* **Goal of the exercise**: Reproduce exactly, and only, the lines below from the one containing "日前,湖南省工业和信息化厅网" through the one containing "- **๋ํ, ๊ฐ์ฒด-๊ด๊ณ".

* **Data section**:
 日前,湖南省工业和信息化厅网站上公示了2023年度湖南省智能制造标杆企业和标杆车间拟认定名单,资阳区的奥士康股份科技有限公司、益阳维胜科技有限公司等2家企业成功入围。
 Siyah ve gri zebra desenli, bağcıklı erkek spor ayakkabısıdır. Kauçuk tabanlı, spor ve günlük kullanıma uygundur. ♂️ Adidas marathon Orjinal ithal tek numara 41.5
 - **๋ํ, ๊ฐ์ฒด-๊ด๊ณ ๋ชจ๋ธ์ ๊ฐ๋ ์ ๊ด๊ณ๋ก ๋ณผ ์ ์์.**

---

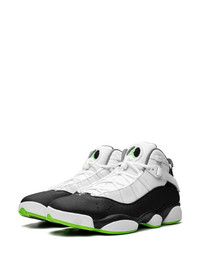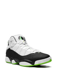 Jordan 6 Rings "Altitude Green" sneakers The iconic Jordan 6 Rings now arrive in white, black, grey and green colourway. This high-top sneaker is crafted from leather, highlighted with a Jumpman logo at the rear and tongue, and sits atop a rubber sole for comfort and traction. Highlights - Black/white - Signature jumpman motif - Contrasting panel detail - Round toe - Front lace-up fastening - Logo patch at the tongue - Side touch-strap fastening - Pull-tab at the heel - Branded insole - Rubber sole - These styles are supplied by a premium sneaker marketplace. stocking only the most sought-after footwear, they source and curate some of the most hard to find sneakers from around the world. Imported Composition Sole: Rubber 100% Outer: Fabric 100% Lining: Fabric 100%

* **Solution to this exercise**:
 日前,湖南省工业和信息化厅网站上公示了2023年度湖南省智能制造标杆企业和标杆车间拟认定名单,资阳区的奥士康股份科技有限公司、益阳维胜科技有限公司等2家企业成功入围。
 Siyah ve gri zebra desenli, bağcıklı erkek spor ayakkabısıdır. Kauçuk tabanlı, spor ve günlük kullanıma uygundur. ♂️ Adidas marathon Orjinal ithal tek numara 41.5
 - **๋ํ, ๊ฐ์ฒด-๊ด๊ณ ๋ชจ๋ธ์ ๊ฐ๋ ์ ๊ด๊ณ๋ก ๋ณผ ์ ์์.**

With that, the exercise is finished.